Öfkeyi, çaresizliği, çaresizlikle dile getirilen tepkiyi, “yeter artık!” duygusunu çok iyi anlıyoruz ama gerçekle yüzleşelim: Bu kadar, hepsi bu, yapılabilecek olan sadece bu. İnşallah görmediklerimiz, biz görmeden yapılanlar da vardır ama tamamı bu.

Cumhurbaşkanı Erdoğan’ı, Filistin konusunda duyarsızlıkla, tepkisizlikle, yapılabilecek bir şey varken yapmamakla itham etmek, vefasızlık olur, nankörlük olur, hakkaniyeti incitir.

Erdoğan “lâ yüs’el” değil, sorgulanamaz, eleştirilemez değil ama Filistin konusunda Erdoğan’a yüklenmek, vücudu ok ve kılıç darbeleriyle delik deşik olmuş bir gaziyi “hiçbir şey yapmamakla” suçlamak kadar haksızlık ve hadsizlik olur.

Türkiye, Batı’nın bu coğrafyada yaptığı kurgunun merkez hedefinde bir ülke. Osmanlı’nın devamı olarak, bir devlet geleneğine, tecrübeye, dinamik bir topluma sahip olarak, Türkiye sürekli mercek altında bir ülke. 100 yıldır başımıza gelenler, darbeler, toplumsal hadiseler, terör, içerdeki kavgalar, kutuplaşmalar, ekonomik krizler, baskılar, yasaklar, hepsi Batı’nın o kurgusunu, İsrail’in varlığını korumak adına sahnelendi. Erdoğan’ın da ifade ettiği gibi, 27 Mayıs darbesi, 12 Eylül, 28 Şubat hep İsrail’in çevre güvenliğini sağlamak, Batı’nın kurgusunu tahkim etmek için icra edildi.

Davos’taki “one minute” çıkışından sonra Erdoğan’ın başına gelenlere hepimiz bizzat şahit olduk: İçimizdeki İsrail ve ABD ajanı FETÖ, Erdoğan’ın Mossad’ın etkisinden çıkarmak için atadığı MİT’in Başkanını tutuklamak istedi. Sonra Gezi olaylarıyla sokağı karıştırmak istediler. 17-25 Aralık’ta yargı darbesiyle Erdoğan’ın oğlunu almak istediler, 15 Temmuz’da kanlı bir darbe girişiminde bulundular.

Erdoğan hepsinden aklıyla, dirayetiyle, cesaretiyle, yaralanmış ama sağ çıktı. Durmadılar, durmayacaklar. Altılı Masa da, İBB üzerinden elde edilen milyarlarca Lira yolsuzluk parasıyla siyaseti kurgulama girişimleri de aynı saldırıların devamıydı. Dahası da gelecektir.
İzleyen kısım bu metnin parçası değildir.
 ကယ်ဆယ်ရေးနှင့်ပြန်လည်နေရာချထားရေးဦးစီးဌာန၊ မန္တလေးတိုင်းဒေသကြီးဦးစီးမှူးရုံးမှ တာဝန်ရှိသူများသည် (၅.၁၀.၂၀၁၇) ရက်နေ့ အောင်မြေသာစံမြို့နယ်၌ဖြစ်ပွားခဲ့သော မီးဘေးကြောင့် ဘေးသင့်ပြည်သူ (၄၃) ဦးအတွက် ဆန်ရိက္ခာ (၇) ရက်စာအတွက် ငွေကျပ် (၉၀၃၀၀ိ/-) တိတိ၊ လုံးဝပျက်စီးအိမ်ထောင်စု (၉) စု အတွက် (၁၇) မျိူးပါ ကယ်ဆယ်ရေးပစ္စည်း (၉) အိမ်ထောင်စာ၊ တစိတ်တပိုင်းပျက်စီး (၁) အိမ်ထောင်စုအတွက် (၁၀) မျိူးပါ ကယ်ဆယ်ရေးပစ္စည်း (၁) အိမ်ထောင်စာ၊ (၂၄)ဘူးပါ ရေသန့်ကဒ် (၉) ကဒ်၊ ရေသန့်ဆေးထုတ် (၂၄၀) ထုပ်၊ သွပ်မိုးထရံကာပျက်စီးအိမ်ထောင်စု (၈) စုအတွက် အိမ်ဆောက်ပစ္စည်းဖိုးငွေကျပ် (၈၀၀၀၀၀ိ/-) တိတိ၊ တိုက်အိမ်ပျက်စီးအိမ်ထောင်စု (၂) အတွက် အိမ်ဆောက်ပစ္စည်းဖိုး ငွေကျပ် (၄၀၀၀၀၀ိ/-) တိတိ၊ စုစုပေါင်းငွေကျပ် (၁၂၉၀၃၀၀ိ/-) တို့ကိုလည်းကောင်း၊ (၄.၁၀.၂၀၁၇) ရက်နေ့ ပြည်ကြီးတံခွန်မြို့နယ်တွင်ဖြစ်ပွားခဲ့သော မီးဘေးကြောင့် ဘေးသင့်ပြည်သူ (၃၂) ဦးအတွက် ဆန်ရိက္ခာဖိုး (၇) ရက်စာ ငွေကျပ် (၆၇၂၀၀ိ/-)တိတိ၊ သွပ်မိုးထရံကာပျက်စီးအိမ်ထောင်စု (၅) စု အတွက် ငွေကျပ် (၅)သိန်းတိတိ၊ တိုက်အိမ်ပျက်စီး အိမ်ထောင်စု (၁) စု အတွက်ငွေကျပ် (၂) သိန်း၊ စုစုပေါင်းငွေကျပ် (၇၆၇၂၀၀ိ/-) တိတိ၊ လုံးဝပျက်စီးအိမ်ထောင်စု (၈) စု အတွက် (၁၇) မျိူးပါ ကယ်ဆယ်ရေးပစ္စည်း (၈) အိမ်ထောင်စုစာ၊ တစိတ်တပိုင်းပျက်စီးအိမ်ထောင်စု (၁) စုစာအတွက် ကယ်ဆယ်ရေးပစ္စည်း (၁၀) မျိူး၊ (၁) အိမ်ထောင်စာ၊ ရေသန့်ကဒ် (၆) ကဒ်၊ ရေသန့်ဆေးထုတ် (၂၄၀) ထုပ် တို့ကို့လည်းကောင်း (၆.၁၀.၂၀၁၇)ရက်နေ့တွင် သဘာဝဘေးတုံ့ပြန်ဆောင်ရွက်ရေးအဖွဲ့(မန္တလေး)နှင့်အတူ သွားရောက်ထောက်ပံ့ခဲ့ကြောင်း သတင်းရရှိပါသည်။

Hangimiz Erdoğan kadar gövdemizi İsrail’in ve Batı’nın önüne koyduk? Hangimiz onun kadar cesur olduk? Hangimiz ailemizden, hatta kendi serimizden vazgeçerek durmaksızın, duraklamaksızın böyle bir mücadele verdik?

Türkiye de Erdoğan da başladıkları bu mücadeleyi sürdürüyorlar. Mücadeleyi akıl, temkin ve sabır üzerinden ilerletiyorlar.

Evet Gazze konusunda bizim sabrımız kalmadı, akıl ve temkine sığınacak mecalimiz yok ama işte devlet adamını bizden ayıran bu. Biz “ne olacaksa olsun artık” sabırsızlığıyla kıvranırken, devlet adamı en ön cephede savaşıyor ama soğukkanlılığını da koruyor. O sayede Türkiye İsrail karşısında bir güç, Batı’nın kurgusunu esneten bir diplomasiyle yükseliyor.

Bir rüzgâr eseceğine, bir uyanış, bir diriliş olacağına, Allah’ın yardımının O’nun takdir ettiği anda üzerimize ineceğine, kurgunun, denklemin, bütün planların darmadağın olacağına, büyük bir devrimin yaşanacağına gönülden inanıyoruz. O büyük günü sabırla ve duayla beklerken, öfkemizi de gözyaşımız gibi içimize akıtmaktan başka çaremiz yok."